WORK TO BE COMPLETED >>
Omit all pictures, and print word for word only the lines from the one containing "Excellent condition !" through the end of the data.

DATA SEGMENT >>
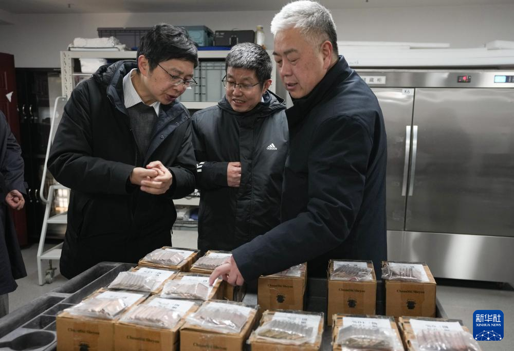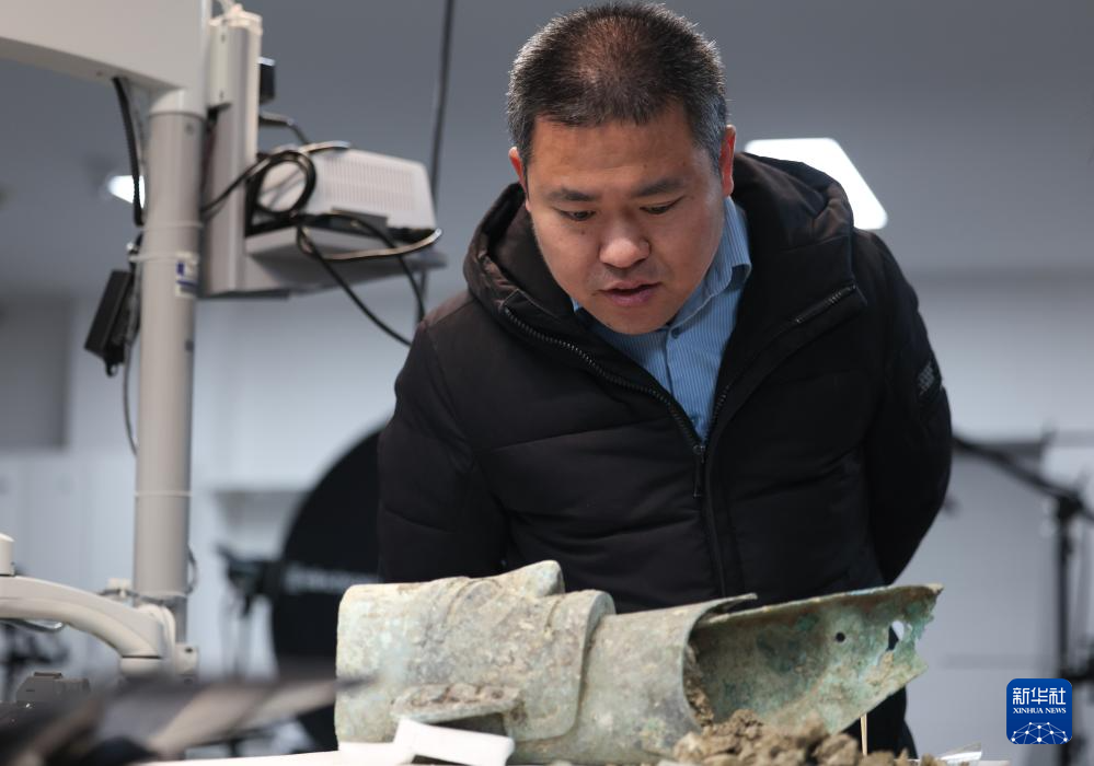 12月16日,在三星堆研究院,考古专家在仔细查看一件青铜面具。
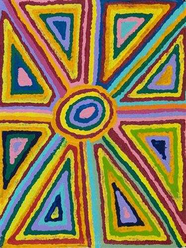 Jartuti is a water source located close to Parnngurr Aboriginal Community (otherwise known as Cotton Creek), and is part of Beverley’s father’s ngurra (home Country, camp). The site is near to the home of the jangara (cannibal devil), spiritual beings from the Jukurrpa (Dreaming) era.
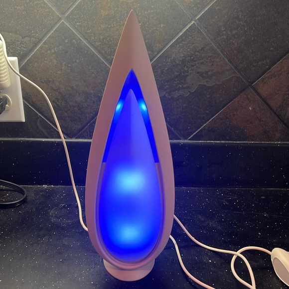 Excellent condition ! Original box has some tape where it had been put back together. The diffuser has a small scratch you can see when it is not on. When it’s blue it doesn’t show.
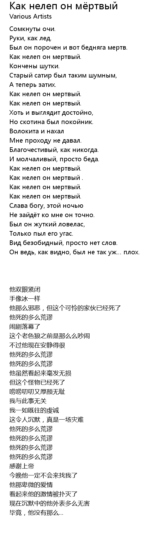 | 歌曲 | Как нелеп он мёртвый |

EXERCISE RESULT >>
 Excellent condition ! Original box has some tape where it had been put back together. The diffuser has a small scratch you can see when it is not on. When it’s blue it doesn’t show.
 | 歌曲 | Как нелеп он мёртвый |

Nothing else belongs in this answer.